- What is needed
Return all of the data that follows precisely, leaving every image out.

Source data:
####

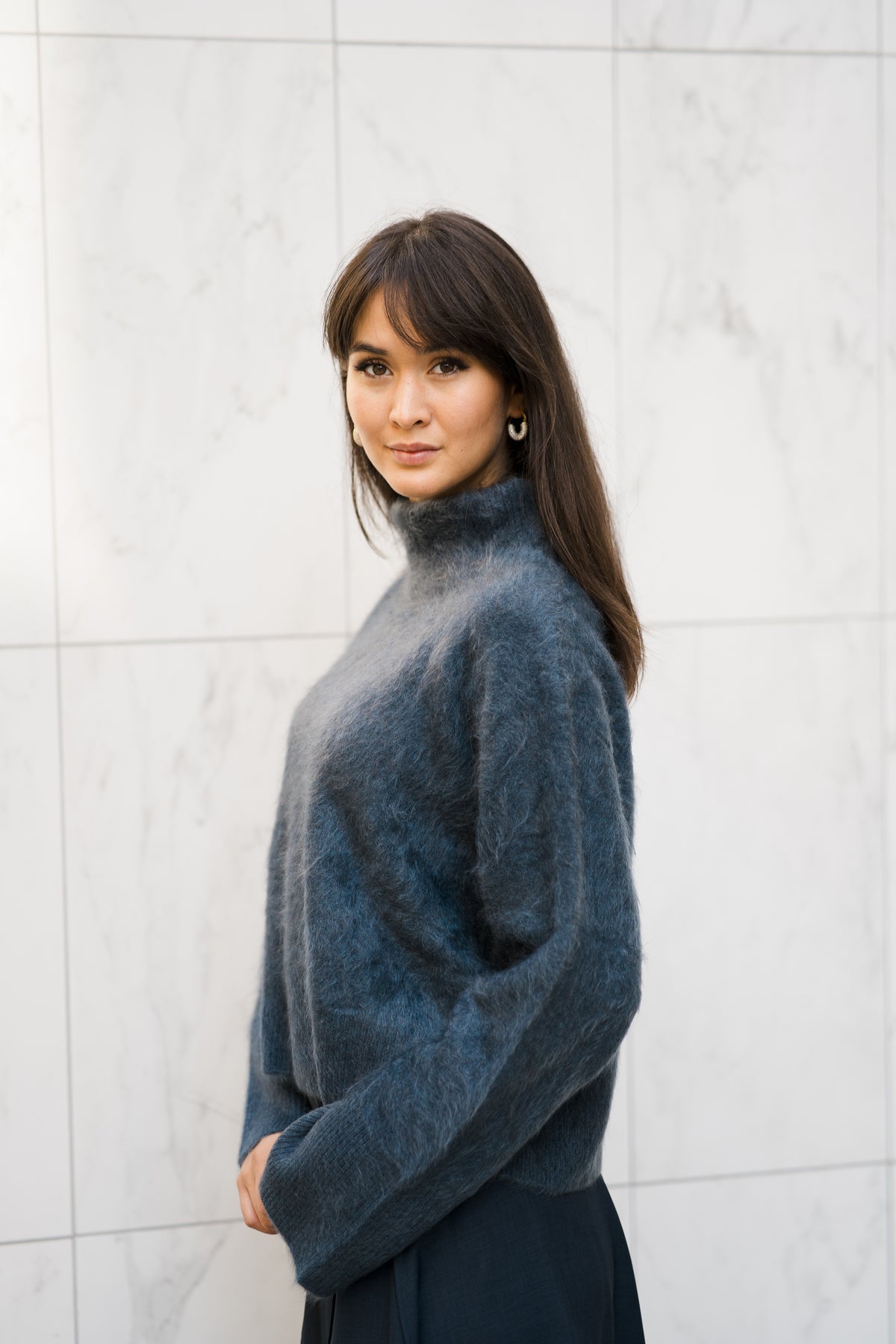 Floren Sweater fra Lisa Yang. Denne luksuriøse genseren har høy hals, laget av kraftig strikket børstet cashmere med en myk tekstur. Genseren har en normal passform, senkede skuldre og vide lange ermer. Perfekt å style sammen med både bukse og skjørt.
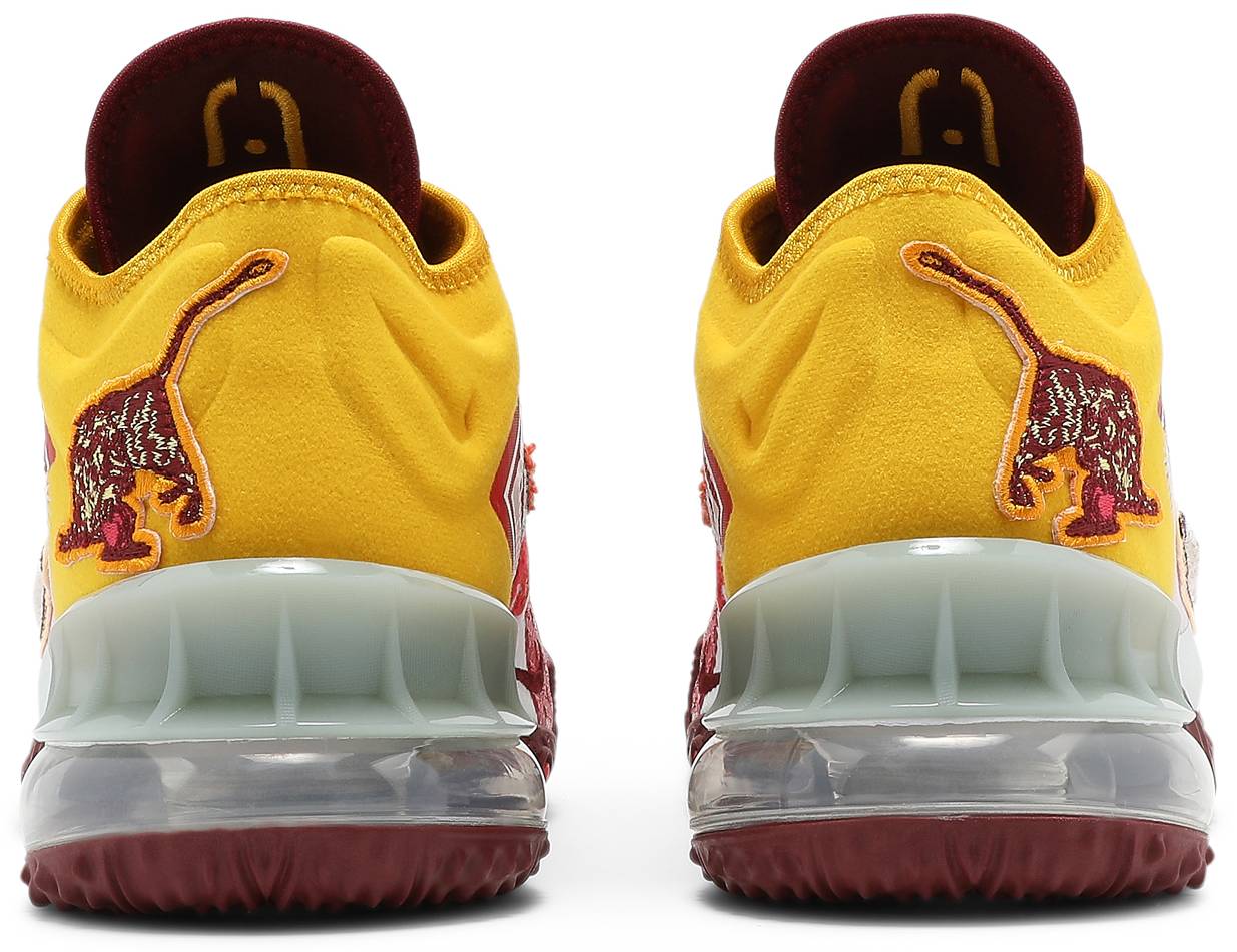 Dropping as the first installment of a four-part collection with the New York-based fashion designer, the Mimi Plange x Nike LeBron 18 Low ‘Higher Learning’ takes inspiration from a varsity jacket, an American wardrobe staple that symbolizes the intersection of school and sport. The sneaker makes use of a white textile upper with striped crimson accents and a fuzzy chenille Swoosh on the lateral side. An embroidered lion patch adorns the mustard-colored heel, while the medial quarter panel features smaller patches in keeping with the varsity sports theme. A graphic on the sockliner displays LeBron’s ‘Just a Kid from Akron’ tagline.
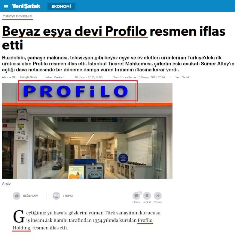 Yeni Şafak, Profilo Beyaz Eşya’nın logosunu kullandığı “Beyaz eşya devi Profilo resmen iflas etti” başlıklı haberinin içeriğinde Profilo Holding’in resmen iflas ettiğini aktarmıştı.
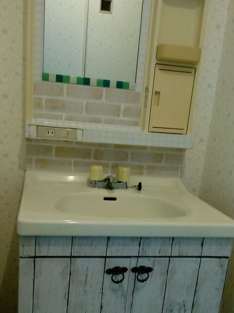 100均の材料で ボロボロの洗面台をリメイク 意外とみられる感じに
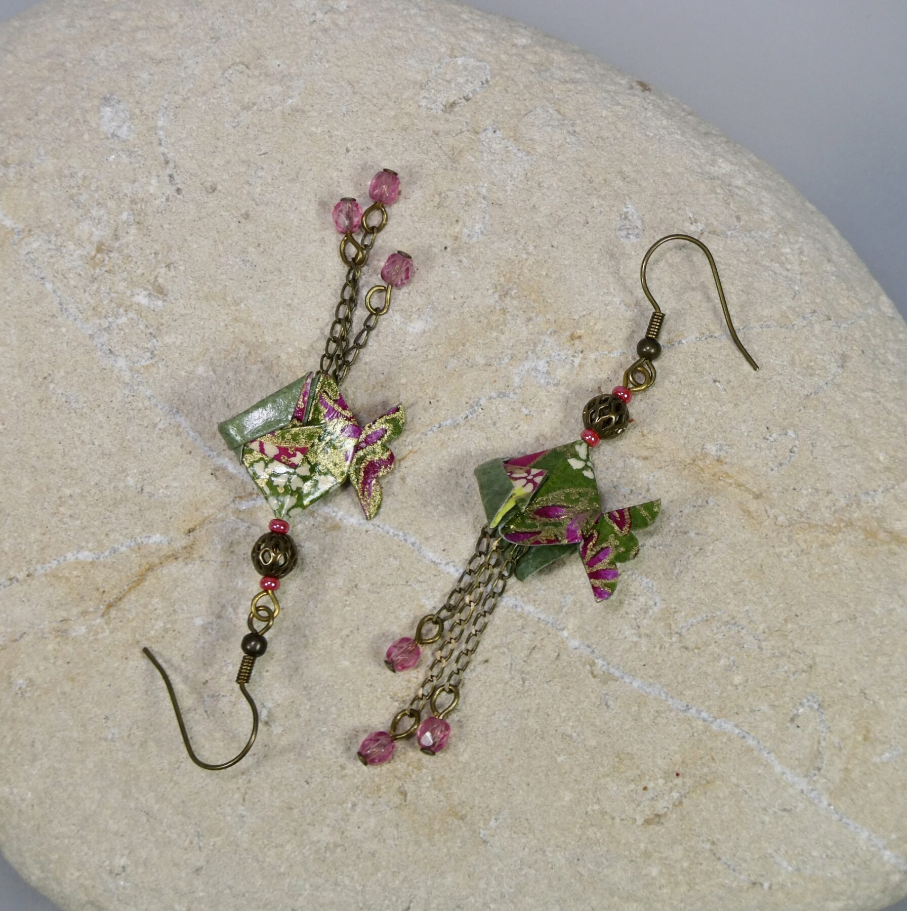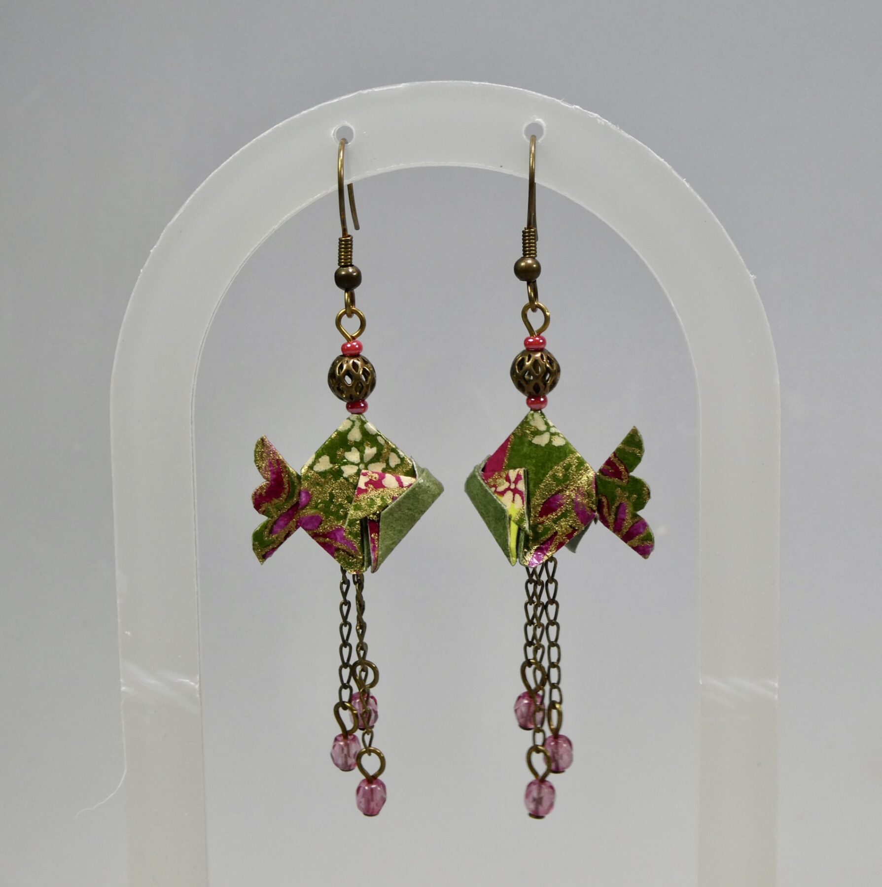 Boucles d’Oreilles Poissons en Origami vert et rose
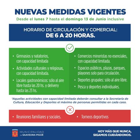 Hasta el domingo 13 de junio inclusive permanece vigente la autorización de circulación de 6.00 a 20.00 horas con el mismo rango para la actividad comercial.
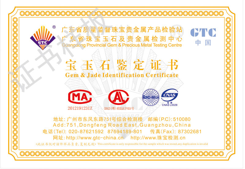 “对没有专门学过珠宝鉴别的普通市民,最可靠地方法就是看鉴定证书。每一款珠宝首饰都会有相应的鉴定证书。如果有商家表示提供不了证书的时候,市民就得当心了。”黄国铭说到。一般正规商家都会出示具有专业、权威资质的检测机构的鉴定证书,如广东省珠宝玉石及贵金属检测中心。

####

- Exercise result
 Floren Sweater fra Lisa Yang. Denne luksuriøse genseren har høy hals, laget av kraftig strikket børstet cashmere med en myk tekstur. Genseren har en normal passform, senkede skuldre og vide lange ermer. Perfekt å style sammen med både bukse og skjørt.
 Dropping as the first installment of a four-part collection with the New York-based fashion designer, the Mimi Plange x Nike LeBron 18 Low ‘Higher Learning’ takes inspiration from a varsity jacket, an American wardrobe staple that symbolizes the intersection of school and sport. The sneaker makes use of a white textile upper with striped crimson accents and a fuzzy chenille Swoosh on the lateral side. An embroidered lion patch adorns the mustard-colored heel, while the medial quarter panel features smaller patches in keeping with the varsity sports theme. A graphic on the sockliner displays LeBron’s ‘Just a Kid from Akron’ tagline.
 Yeni Şafak, Profilo Beyaz Eşya’nın logosunu kullandığı “Beyaz eşya devi Profilo resmen iflas etti” başlıklı haberinin içeriğinde Profilo Holding’in resmen iflas ettiğini aktarmıştı.
 100均の材料で ボロボロの洗面台をリメイク 意外とみられる感じに
 Boucles d’Oreilles Poissons en Origami vert et rose
 Hasta el domingo 13 de junio inclusive permanece vigente la autorización de circulación de 6.00 a 20.00 horas con el mismo rango para la actividad comercial.
 “对没有专门学过珠宝鉴别的普通市民,最可靠地方法就是看鉴定证书。每一款珠宝首饰都会有相应的鉴定证书。如果有商家表示提供不了证书的时候,市民就得当心了。”黄国铭说到。一般正规商家都会出示具有专业、权威资质的检测机构的鉴定证书,如广东省珠宝玉石及贵金属检测中心。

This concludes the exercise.